The Woman Suffrage Amendment was the assertion of a fundamental
principle of government, and if it was an abridgment of sovereignty it
was an abridgment of the same character as those embodied in the
Constitution from the beginning, the Prohibition Amendment brought the
Federal Government into control of precisely those intimate concerns
of daily life which, above all else, had theretofore been left
untouched by the central power, and subject to the independent
jurisdiction of each individual State. The South had eagerly swallowed
a camel, and when it asked the country to strain at a gnat it found
nobody to listen. Our public men, and our leaders of opinion,
frequently and earnestly express their concern over the decline of
importance in our State governments, the lessened vigor of the State
spirit. The sentiment is not peculiar to any party or to any section;
it is expressed with equal emphasis and with equal frequency by
leading Republicans and leading Democrats, by Northerners and
Southerners. All feel alike that with the decay of State spirit a
virtue will go out of our national spirit--that a centralized America
will be a devitalized America. But when they discuss the subject, they
are in the habit of referring chiefly to defects in administration; to
neglect of duty by the average citizen or perhaps by those in high
places in business or the professions; to want of intelligence in the
Legislature, etc. And for all this there is much reason; yet all this
we have had always with us, and it is not always that we have had with
us this sense of the decline of State spirit. For that decline the
chief cause is the gradual, yet steady and rapid, extension of
national power and lowering of the comparative importance of the
functions of the State. However, the functions that still remain to
the State--and its subdivisions, the municipalities and counties --are
still of enormous importance; and, with the growth of public-welfare
activities which are ramifying in so many directions, that importance
may be far greater in the future. But what is to become of it if we
are ready to surrender to the central government the control of our
most intimate concerns? And what concern can be so intimate as that of
the conduct of the individual citizen in the pursuit of his daily
life? How can the idea of the State as an object of pride or as a
source of authority flourish when the most elementary of its functions
is supinely abandoned to the custody of a higher and a stronger power?

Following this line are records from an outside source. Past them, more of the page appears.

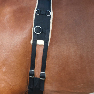 La sangle Lami-Cell noire est conçue pour un ajustement et un confort optimaux lors du travail à la longe , sans compromettre sa solidité et sa fonctionnalité. Fabriquée en nylon résistant et doublée de peau de mouton synthétique , elle offre une douceur accrue et prévient les frottements sur le dos du cheval.
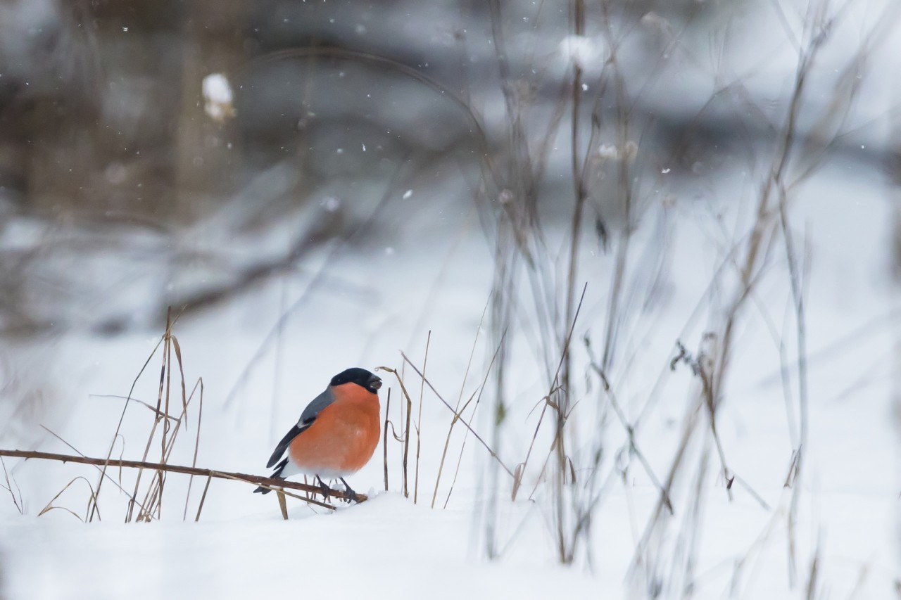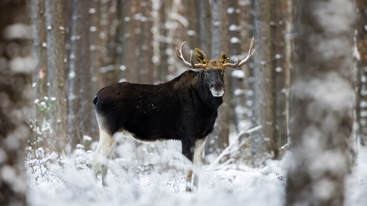 - W lesie, pośród ośnieżonych sosen, można dostrzec majestatyczną sylwetkę łosia, a na białym tle śniegu zastygłe w bezruchu kosy, kwiczoły oraz czerwieniące się jak dojrzałe owoce gile.
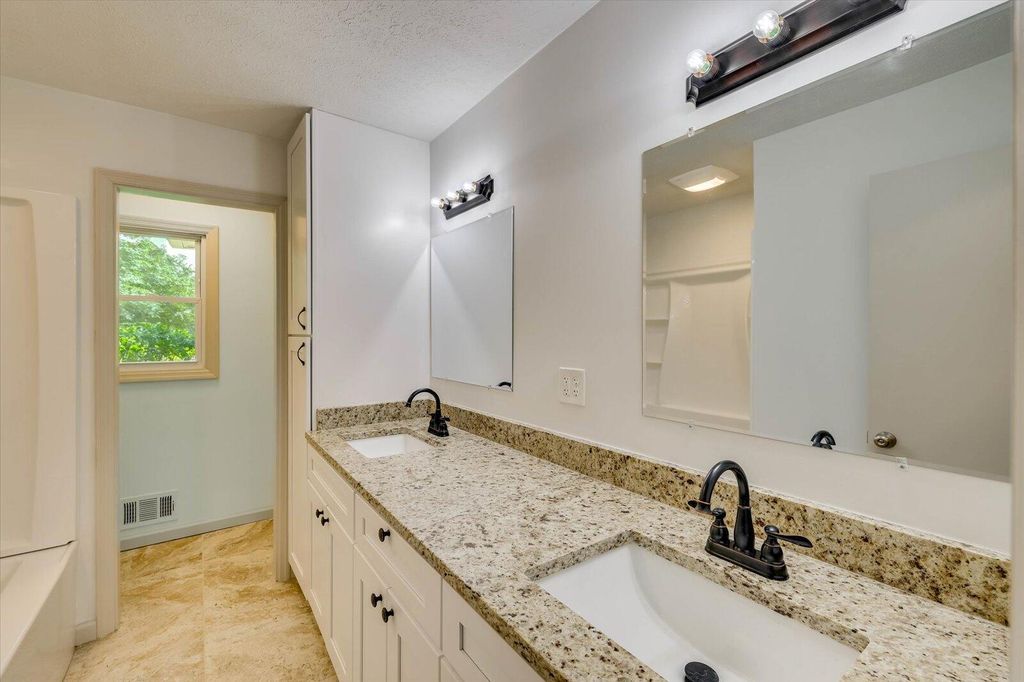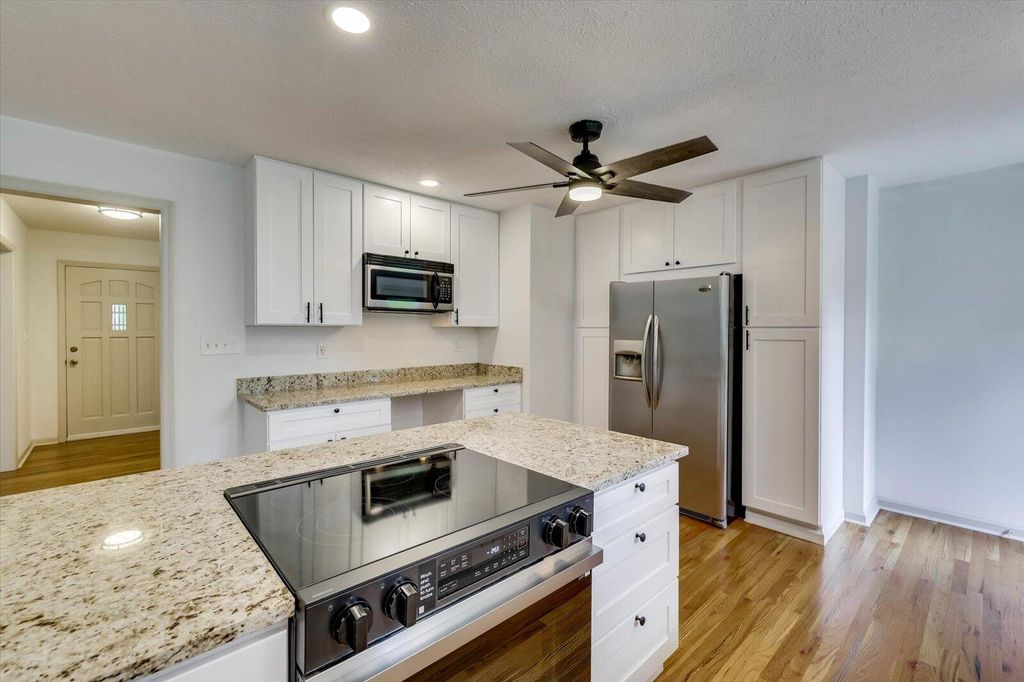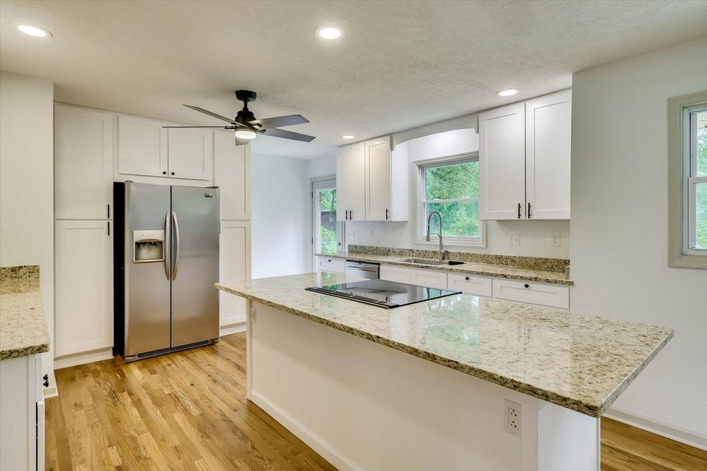 Discover your perfect home in this skillfully remodeled 4 bedroom, 3 bathroom brick ranch, nestled on almost an acre lot! This beautiful residence effortlessly combines classic charm with modern elegance, featuring a new inviting open-concept layout and stylish updates throughout. Step inside to discover a natural light-filled interior where the spacious kitchen seamlessly flows into the living and dining/lounge area with an inviting brick fireplace. This creates an ideal setting for everyday living and entertainment that offers a warm and welcoming atmosphere. Gleaming wood floors extend throughout the home, adding a touch of sophistication and continuity. The spacious kitchen is a chef's delight complete with stainless steel appliances, ample cabinetry, generous granite countertops, and an island that serves as a functional cooking space. Whether you're cooking a gourmet meal or enjoying a quick bite, this area is sure to impress. The second master with an optional private exterior entrance has many possibilities and is a perfect retreat for guests, extended family, VRBO/Airbnb, or a home office. A full bathroom with a walk-in shower and laundry room area with a new washer and dryer complete this space! Outside there is a large two-car covered carport with convenient overhead storage. The expansive lot comes complete with a patio where you will be in a beautiful, lush backdrop for outdoor enjoyment and relaxation. The grounds offer endless possibilities for gardening, recreation, or even a future pool and outdoor kitchen oasis. Schedule a visit today and experience everything this one-story home has to offer!

The Prohibition Amendment has done more to sap the vitality of our
State system than could be done by a hundred years of misrule at
Albany or Harrisburg or Springfield. The effects of that misrule are
more directly apparent, but they leave the State spirit untouched in
its vital parts. The Prohibition Amendment strikes at the root of that
spirit, and its evil precedent, if unreversed, will steadily cut off
the source from which that spirit derives its life.